[[ AVAILABLE RECORDS open ]]

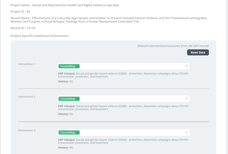 The application automatically removes any duplicated treatment arms within the data. For example, if for a particular DEP ID (10154), multiple entries of the same intervention domains are recorded, the system retains only one instance, eliminating the redundancies to streamline the dataset.
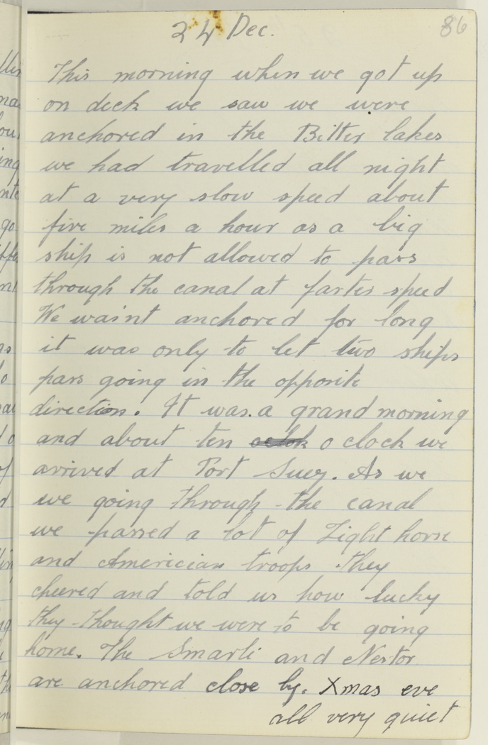 It was a grand morning and about ten oclok o clock we arrived at Port Suez. As we we going through the canal we passed a lot of Light horse and Americian troops. They cheered and told us how lucky they thought we were to be going home. The Smarli [Somali] and Nestor are anchored close by. Xmas eve all very quiet.
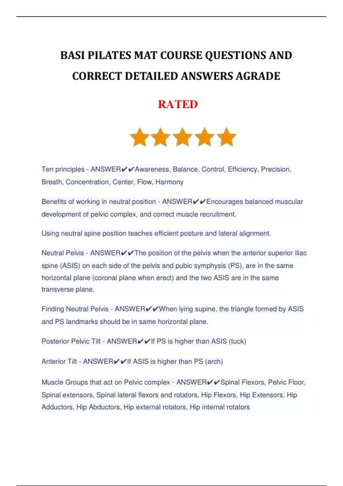 BASI PILATES MAT COURSE QUESTIONS AND CORRECT DETAILED ANSWERS AGRADE
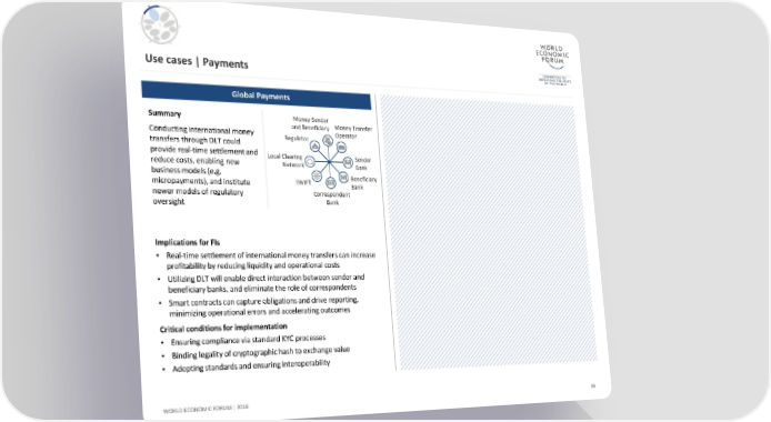 Use cases | Payments Global Payments Summary Money Sender and Beneficiary Money Transfer Conducting international money Regulator Operator transfers through DLT could provide real-time settlement and Local Clearing Sender reduce costs, enabling new Network Bank business models (e.g. Beneficiary micropayments), and institute SWIFT Bank newer models of regulatory Correspondent oversight Bank Implications for FIs • Real-time settlement of international money transfers can increase profitability by reducing liquidity and operational costs • Utilizing DLT will enable direct interaction between sender and beneficiary banks, and eliminate the role of correspondents • Smart contracts can capture obligations and drive reporting, minimizing operational errors and accelerating outcomes Critical conditions for implementation • Ensuring compliance via standard KYC processes • Binding legality of cryptographic hash to exchange value • Adopting standards and ensuring interoperability WORLD ECONOMIC FORUM | 2016 39
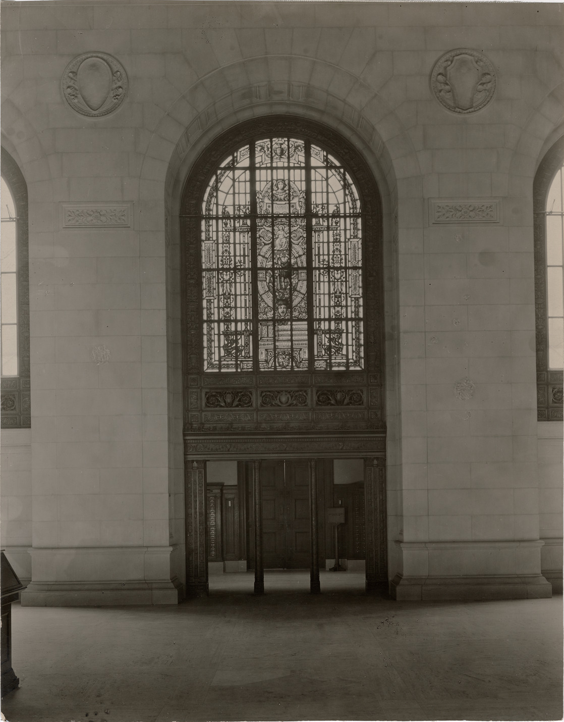 View of stained glass window over doorway in Adam Strohm Hall, on the third floor of the Main Library, Detroit Public Library. Stamped on back: "L.S. Glover, commercial photographer, 7449 Hanover Ave., Detroit." Typed on back: "Detroit Public Library, Window over entrance to public catalog."

[[ AVAILABLE RECORDS closed ]]

**WHAT NEEDS TO BE DONE**
Of the lines above, copy only those from the one holding "It was a grand" to the one holding "BASI PILATES MAT", both included, and exclude every image.

**WRITTEN REPLY**
 It was a grand morning and about ten oclok o clock we arrived at Port Suez. As we we going through the canal we passed a lot of Light horse and Americian troops. They cheered and told us how lucky they thought we were to be going home. The Smarli [Somali] and Nestor are anchored close by. Xmas eve all very quiet.
 BASI PILATES MAT COURSE QUESTIONS AND CORRECT DETAILED ANSWERS AGRADE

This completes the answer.